PromptAL: Sample-Aware Dynamic Soft Prompts for Few-Shot Active Learning
Hui Xiang, Jinqiao Shi, Ting Zhang, Xiaojie Zhao, Yong Liu, Yong Ma

TL;DR
PromptAL introduces a novel sample-aware dynamic soft prompt method that leverages unlabeled data to better align the empirical distribution with the target, enhancing active learning in few-shot scenarios.
Contribution
It proposes a hybrid active learning framework that uses unlabeled data to construct dynamic soft prompts, improving decision boundary accuracy and sample selection.
Findings
Outperforms nine baseline methods on multiple datasets.
Effectively aligns empirical and target distributions in few-shot active learning.

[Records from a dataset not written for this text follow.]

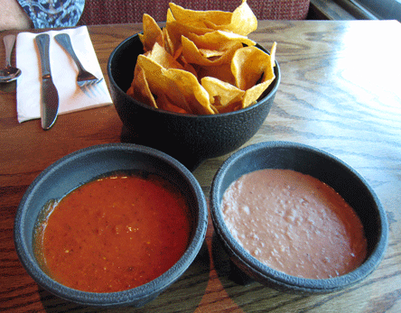 Fortunately, while you’re perusing the menu, the attentive wait staff gives you a preview of your upcoming dining experience with a basket of crispy, low-salt chips which are substantial enough for the fiery red salsa and the warm bean dip served complimentarily with every meal. The salsa and bean dip are like a “yin and yang” duo of prandial precursors. After the salsa has set your tongue on fire, follow up with the bean dip as a flavorful extinguisher.
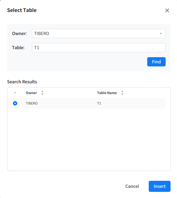 [Insert 버튼]을 클릭하여 테이블을 검색할 수 있다.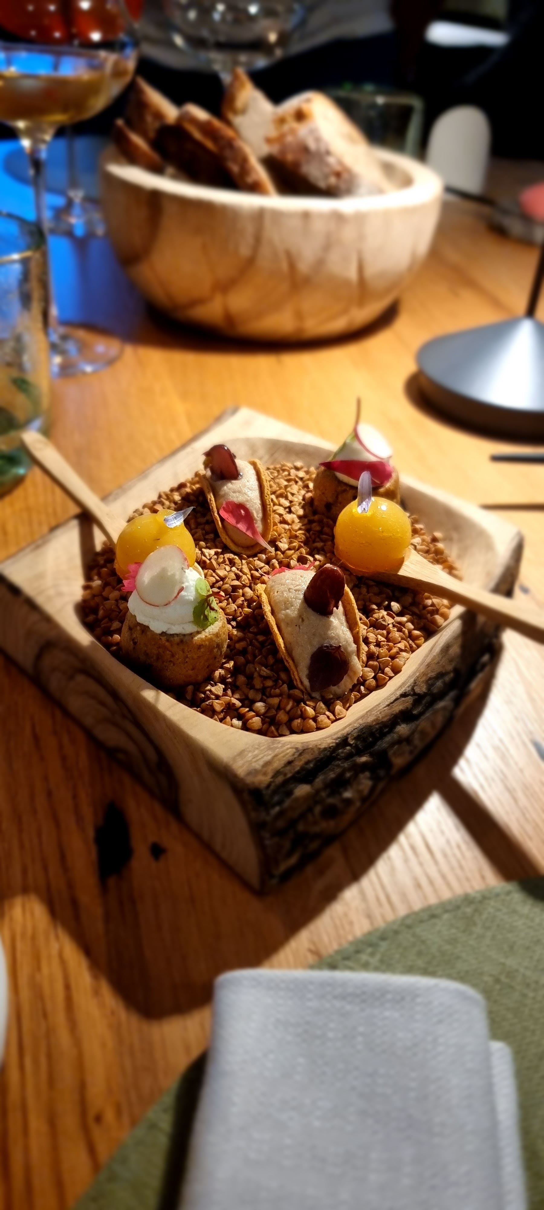 Dîner en 5 plats Un vrai délice que ce sois pour les yeux ou pour les papilles Seul bémol, l'insistance des 3 serveurs pour que l’on prenne du vin. Entre chaque plat la même question x3, cela fait un peu vente forcer .. mais le reste est top

Enhances sample diversity and uncertainty estimation for better data selection.
Abstract
Active learning (AL) aims to optimize model training and reduce annotation costs by selecting the most informative samples for labeling. Typically, AL methods rely on the empirical distribution of labeled data to define the decision boundary and perform uncertainty or diversity estimation, subsequently identifying potential high-quality samples. In few-shot scenarios, the empirical distribution often diverges significantly from the target distribution, causing the decision boundary to shift away from its optimal position. However, existing methods overlook the role of unlabeled samples in enhancing the empirical distribution to better align with the target distribution, resulting in a suboptimal decision boundary and the selection of samples that inadequately represent the target distribution. To address this, we propose a hybrid AL framework, termed \textbf{PromptAL} (Sample-Aware…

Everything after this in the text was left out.